» **THE TASK**
Take the lines from the one containing "LOCK IN is a" through the final line below and restate them exactly. Omit the pictures.

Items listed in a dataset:
|---|

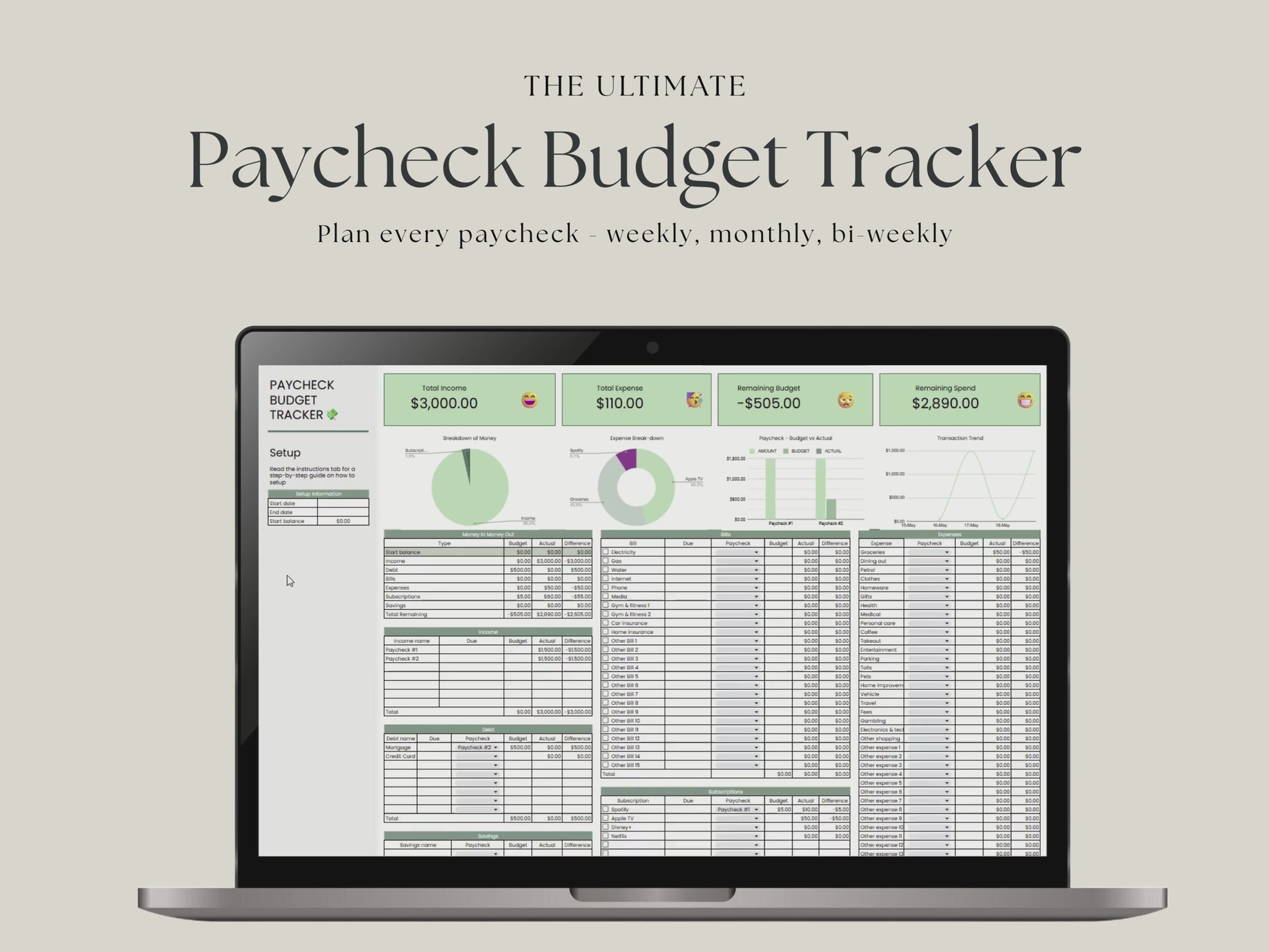 Paycheck Budget Tracker – Google Sheets Weekly & Biweekly Planner
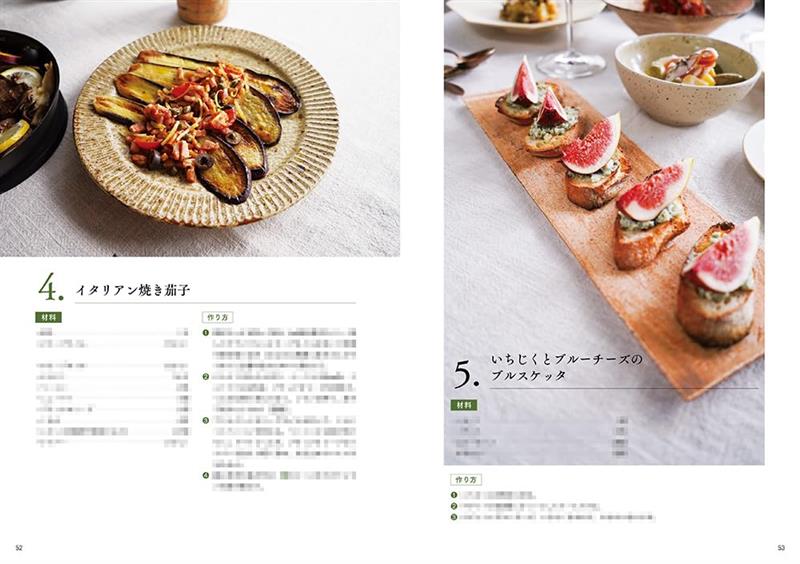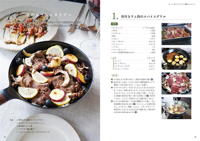 秋季的居家義式料理,誌中提案了秋季風味代表性的番茄煮秋刀魚、作法簡單的義式烤茄子、香煎帶骨小羊排、牛肝菌紫甘藍燉飯、以及無花果藍起司普切塔(前菜)等5道食譜。
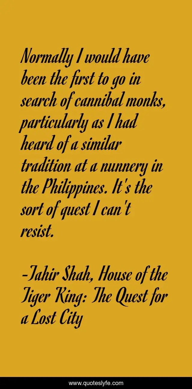 This page presents the quote "Normally I would have been the first to go in search of cannibal monks, particularly as I had heard of a similar tradition at a nunnery in the Philippines. It's the sort of quest I can't resist.". Author of this quote is Tahir Shah, House of the Tiger King: The Quest for a Lost City. This quote is about cannibalism, search, nunnery, monks, quest, adventure,.
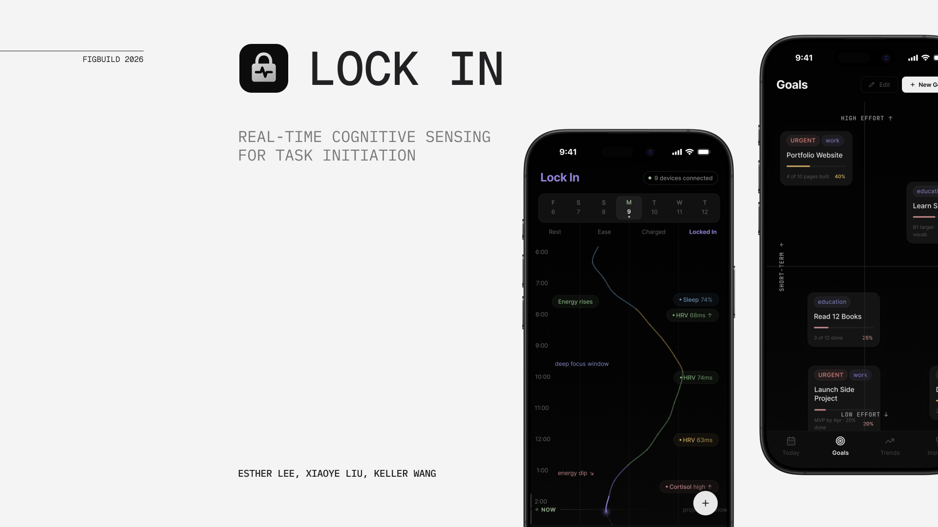 LOCK IN is a speculative tool that senses your effort state and matches tasks to your capacity. It reads brain and body signals (like prefrontal activation, heart rate variability, and skin conductance) to estimate how much effort your brain can handle right now and how close you are to avoidance. It then:
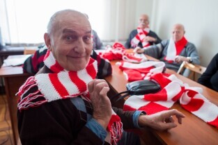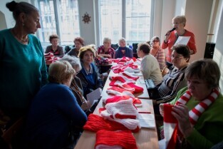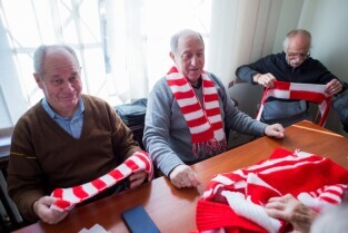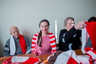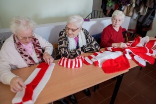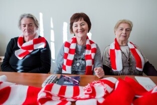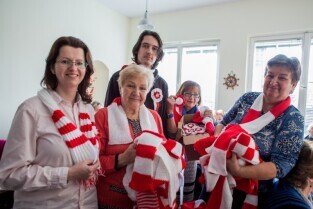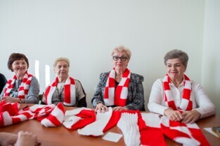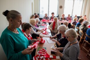 Seniorzy przekazują szaliki i kotyliony na Święto Niepodległości. Klub seniora Motława.
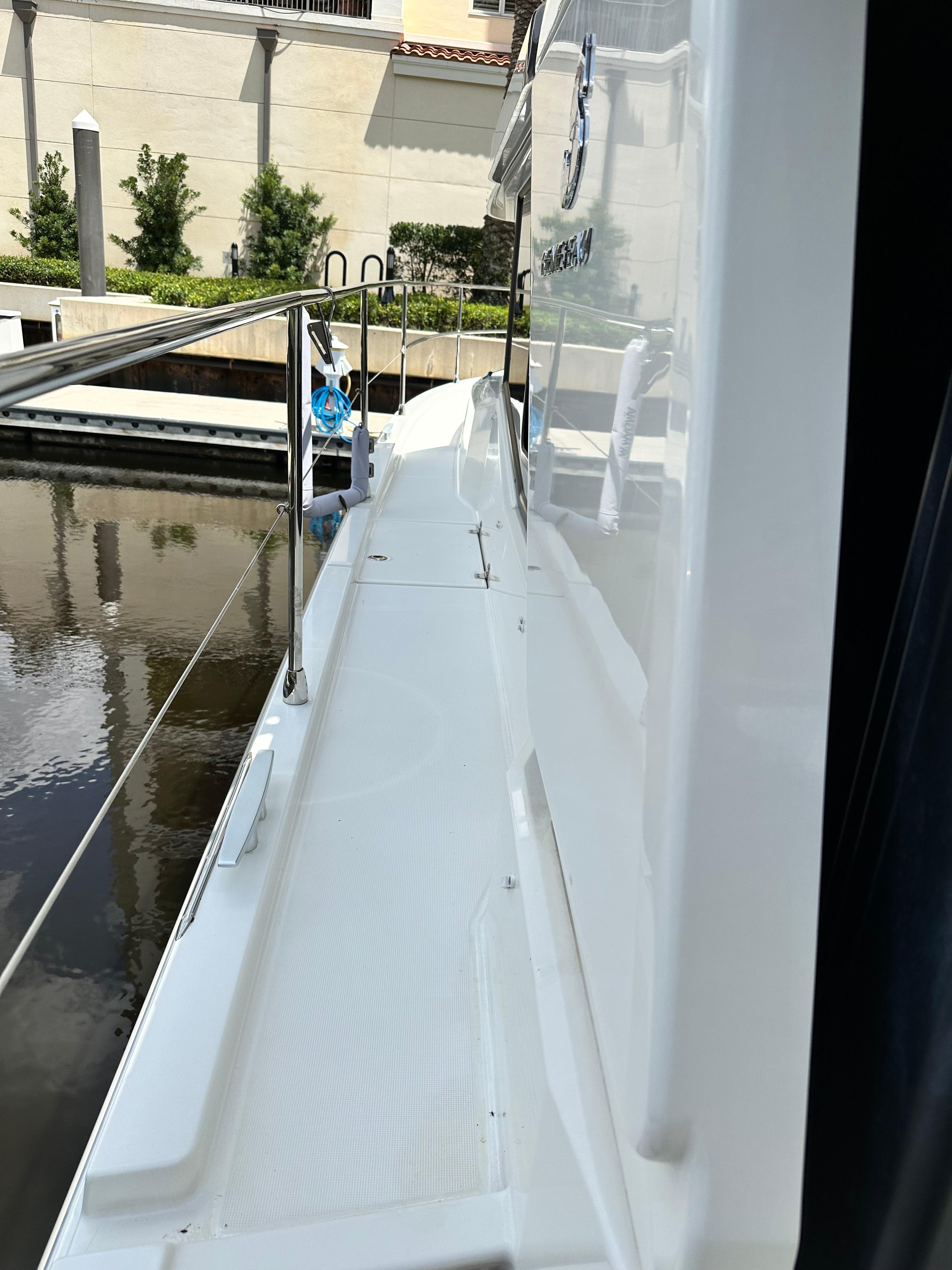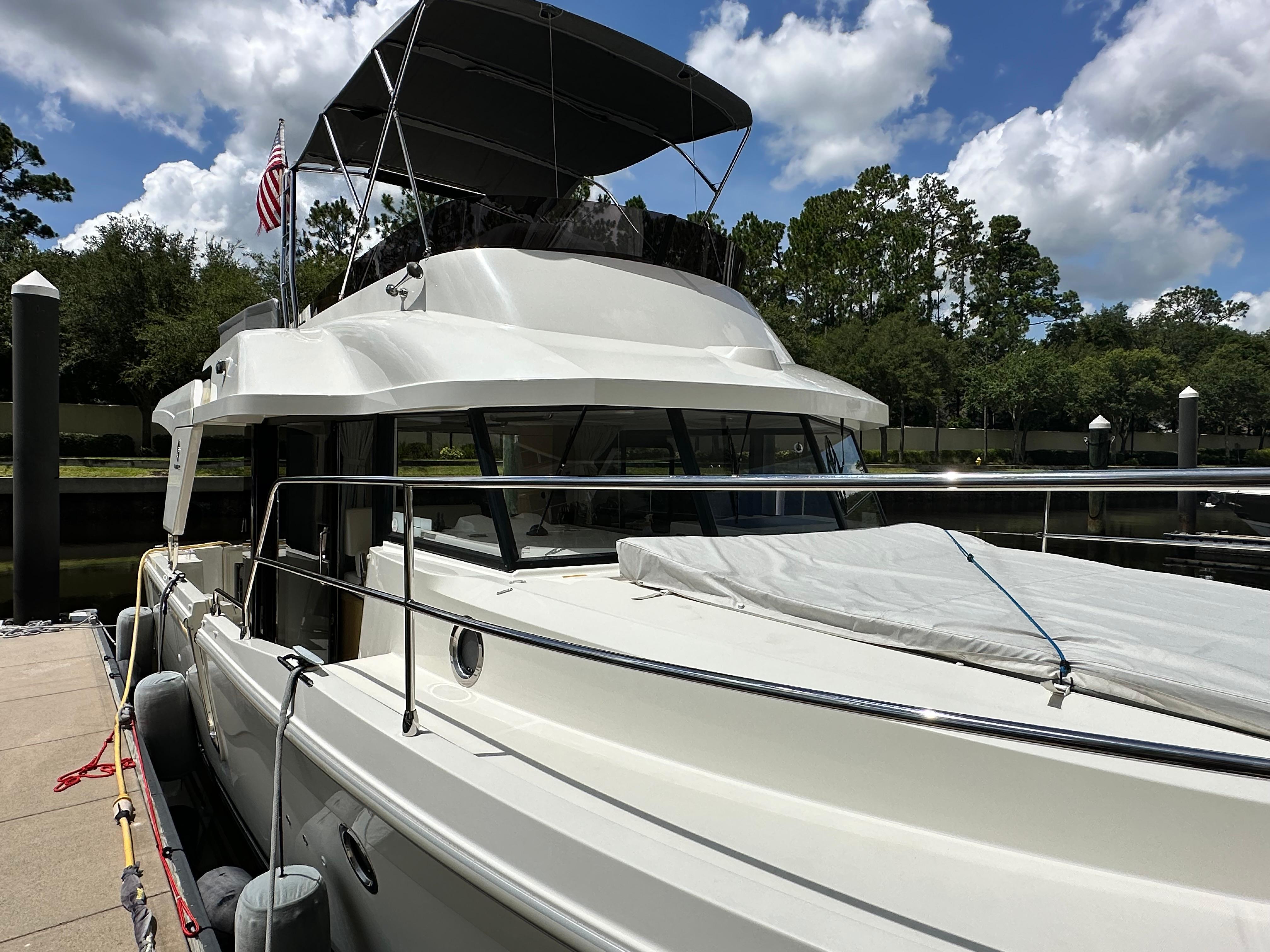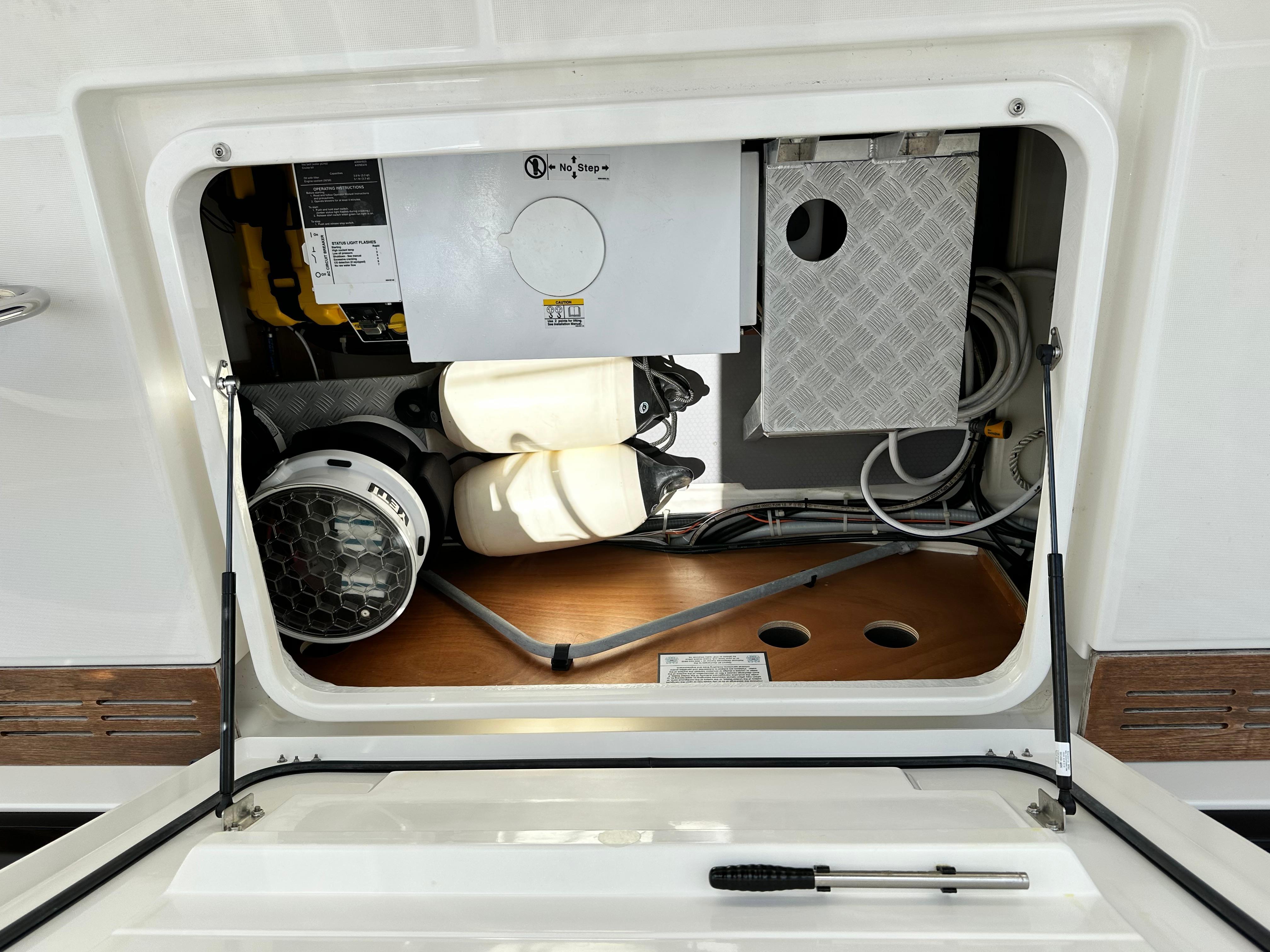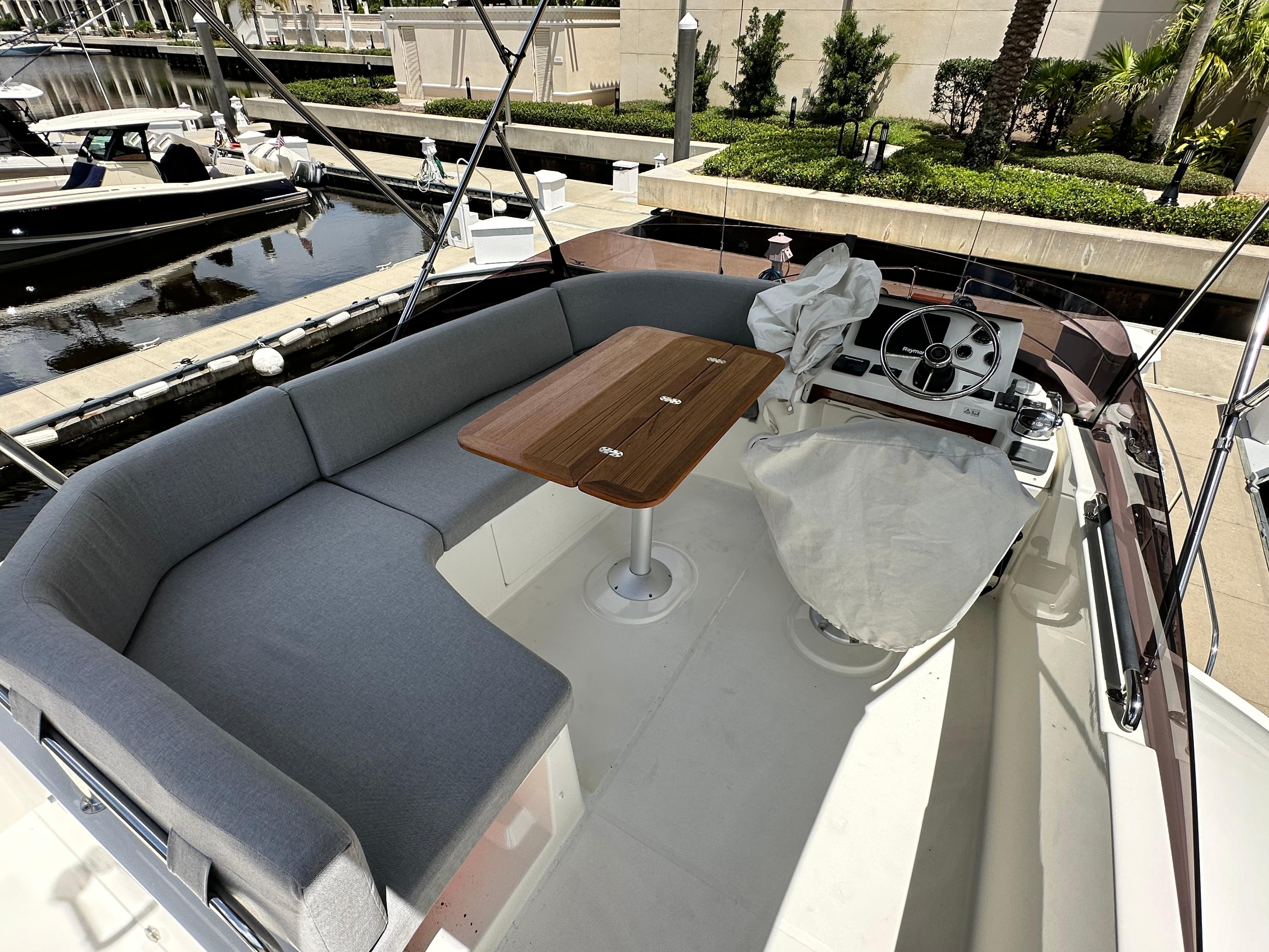 For the life of this boat she has been cleaned on the exterior twice a month and waxed quarterly.Flybridge9" Raymarine chartplotterRaymarine autopilotLenco trim tabsQuick bow and stern thruster controlsFusion stereo controlsLED overhead lightsBiminiDirectors chairsTeak folding dining tableDulce 51 grey exterior cushions with covers

|---|

» **REPLY**
 LOCK IN is a speculative tool that senses your effort state and matches tasks to your capacity. It reads brain and body signals (like prefrontal activation, heart rate variability, and skin conductance) to estimate how much effort your brain can handle right now and how close you are to avoidance. It then:
 Seniorzy przekazują szaliki i kotyliony na Święto Niepodległości. Klub seniora Motława.
 For the life of this boat she has been cleaned on the exterior twice a month and waxed quarterly.Flybridge9" Raymarine chartplotterRaymarine autopilotLenco trim tabsQuick bow and stern thruster controlsFusion stereo controlsLED overhead lightsBiminiDirectors chairsTeak folding dining tableDulce 51 grey exterior cushions with covers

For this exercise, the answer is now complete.